Immune gene expression changes in response to injury. Heatmaps depicting expression changes in immune function related genes for females (A) and males (B) at control, 1, 2, and 4 hr after injury. The orange scale represents average normalized counts for 3 replicates in each of the indicated groups. Yellow-blue scale shows fold change for each gene at 1, 2-, and 4-hr post-injury compared to control. 1/C, fold change at 1-hr compared to control; 2/C, fold change at 2-hr compared to control; and 4/C, fold change at 4-hr compared to control. All genes indicated in black font are significant (|log2FC| > 1, p < 0.05).

The Drosophila innate immune system is highly conserved with mammals and consists primarily of the Toll, Immunodeficiency (Imd) and Janus Kinase protein and the Signal Transducer and Activator of Transcription (JAK-STAT) pathways, which together combat fungal and bacterial infections (58, 59). Previous studies have explored activation of JAK-STAT (60) in response to injury but we did not see any change in gene expression associated with this pathway. We did, however, observe changes in transcript levels for genes involved in Toll, Imd pathway and JNK pathway as seen in other Drosophila TBI models (30, 57, 61). Although the genetic components for activation of Toll and Imd pathways are independent, induction of antimicrobial peptide genes like, Drosomycin (Drs), Defensin (Def), and Metchnikowin (Mtk) depends on the activation of both pathways (62). In females, we observed a phasic response in several antibacterial and antifungal effector proteins like Mtk, Drs, CecC, imd, Rel, Def, and CecB, all upregulated 2 hr after injury but not significantly changed at 1 and 4 hr post-TBI (Figure 3A). Mop, a positive regulator of Toll-NF-κB signaling, is significantly upregulated at all timepoints in response to TBI. Several immune response genes including AttA, AttC, CecA2, and Nup98-96 are induced in response to injury. Although significant at all time-points, a phasic change characterized by an increased upregulation of expression is observed in AttA, AttC, and CecA2 at 2 h.

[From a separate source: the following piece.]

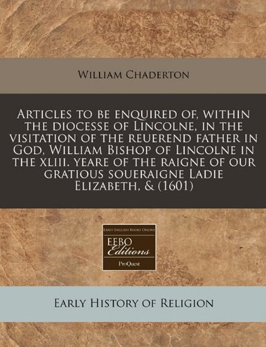 You are about to access our book library "Articles to be enquired of, within the diocesse of Lincolne, in the visitation of the reuerend father in God, William Bishop of Lincolne in the xliii. ... gratious soueraigne Ladie Elizabeth, & (1601) full version"

Unlike females, males have no significant transcript level changes in the antibacterial and antifungal genes assessed (Figure 3B). Although we see no significant induction of immune response after injury in males, there is consistently high levels of transcripts seen for some genes including Rel and Drs. Rel, a transcription factor involved in the immune deficiency pathway is highly expressed in both sexes at control and TBI conditions. Similarly, Drs, an antifungal peptide, is expressed at all conditions in both sexes but significantly induced only in females after injury. We also observed a phasic change in transcription of repo, a transcription factor specifically expressed in glial cells, in both sexes after injury (Data available in GSE140663: Differential gene expression and counts data). Repo transcription is significantly upregulated in females at 1 hr (log2FC: 3.10; p < 0.05) and 4 hr (log2FC: 4.02; p < 0.05) after injury with no significant change at 2 hr whereas in males, repo is significantly downregulated only at 2 hr (log2FC: −2.142; p < 0.05) after injury. Drs, DptB, Mtk, and AttA expression was tested by qRT-PCR for both males and females (Table S2).

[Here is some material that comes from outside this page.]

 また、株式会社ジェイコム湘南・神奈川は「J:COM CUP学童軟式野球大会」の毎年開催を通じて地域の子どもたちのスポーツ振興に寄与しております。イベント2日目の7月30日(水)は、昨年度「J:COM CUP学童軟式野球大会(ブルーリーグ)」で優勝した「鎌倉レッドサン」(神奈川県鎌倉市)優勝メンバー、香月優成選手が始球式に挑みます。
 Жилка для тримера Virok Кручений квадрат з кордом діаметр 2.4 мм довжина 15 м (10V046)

These data suggest that immune response varies in males and females post-TBI. Interestingly, females exhibit a phasic change in immune pathways with induction of some genes 2 hr after trauma but no significant change at 1 and 4 hr. Phasic activation of immune response genes has previously been observed in transcriptional studies from a mixture of male and female flies inflicted with TBI within 1–8 hr after injury (29). Thus, similar studies over longer time-points would be helpful to deduce if this pattern is repeated beyond the time-points assessed.

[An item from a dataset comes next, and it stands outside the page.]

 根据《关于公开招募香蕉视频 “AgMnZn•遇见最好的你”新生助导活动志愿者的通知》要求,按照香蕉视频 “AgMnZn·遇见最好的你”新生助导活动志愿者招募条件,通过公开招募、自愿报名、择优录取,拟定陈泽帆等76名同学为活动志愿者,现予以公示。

TBI Affects Transcript Levels of Genes Related to Mitochondrial Transport and Oxidative Phosphorylation

Mitochondria are subcellular organelles required for several metabolic processes and energy generation by oxidative phosphorylation (63). Mitochondria are present in all cell types and organ systems but differ in morphology and quantity suggesting tissue and system-specific roles (64). Injury to mitochondria leads to oxidative stress, subsequent apoptosis and decreased cellular energy (17). These changes impair neurologic functions, as commonly observed not only in TBI but also in other neurodegenerative diseases (46). We, therefore, looked at changes in expression of genes related to mitochondria and oxidative phosphorylation in Drosophila (Figure 4).

Figure 4

Mitochondrial gene expression changes after injury. Heatmaps depicting expression changes in mitochondria related genes for females (A) and males (B) at control, 1, 2, and 4 hr after injury. Orange scale represents the average of normalized counts for 3 replicates in each group indicated above. Yellow-blue scale shows fold change for each gene at 1, 2-, and 4-hr post-injury compared to control. 1/C, fold change at 1-hr compared to control; 2/C, fold change at 2-hr compared to control; and 4/C, fold change at 4-hr compared to control. All genes indicated in black font are significant (|log2FC| > 1, p < 0.05).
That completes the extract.